The aim of this project is to implement a basic but flexible API in modern C++ to build and train sequential neural networks1, i.e. neural networks whose hidden layers have exactly one input and one output layer. It is my submission for the Capstone project2 in the Udacity C++ Nanodegree Program. To showcase the API, we train a neural network with the MNIST dataset (handwritten digits between 0 and 9, e.g. see this link). Unfortunately, the performance is very poor at this point3. However, the main point of this project is not to create a competitor of the well established neural network APIs (e.g. tensorflow or keras). Instead the purpose is to apply techniques from (modern) C++ like smart pointers, move semantics, templates, libraries and abstract classes. The latter allows the user to easily add new types of Layers etc.

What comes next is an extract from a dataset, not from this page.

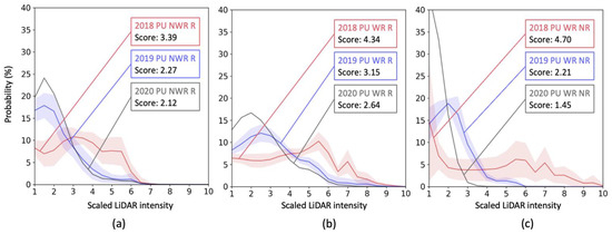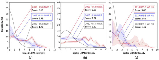 Figure 7 shows longitudinal changes over three years in intensity distributions of the polyurea markings. All the data under the same conditions, such as material type, measurement angle, and weather condition, were gathered for each year (2018: red, 2019: blue, 2020: black). The highlighted areas in each color show ±1 standard deviations of the data, and solid lines represent the mean intensity distribution. Note that only a few drives were performed in 2020, so standard deviations were not computed.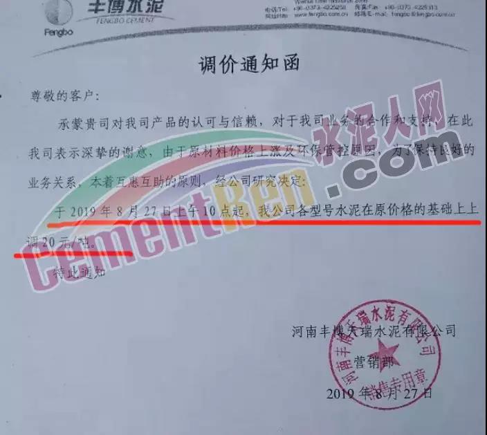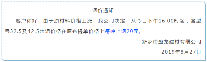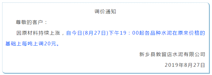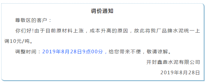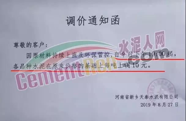 鄭州某水泥企業(yè)負責介紹,鄭州地區(qū)水泥企業(yè)將于9月初開始停產(chǎn),整個9月份都將處于停產(chǎn)狀態(tài),水泥價格也將會有所上漲,目前局部地區(qū)的水泥企業(yè)已經(jīng)開始漲價了。

At the beginning, I tried to do everything from scratch but then quickly realized that would be too much. For example, it would have required the implementation of a fully functioning matrix class (with matrix multiplication etc.). Hence the only external dependency is the excellent Eigen library which deals with the necessary matrix calculus. It is contained in this repository as a [git submodule][https://git-scm.com/book/en/v2/Git-Tools-Submodules].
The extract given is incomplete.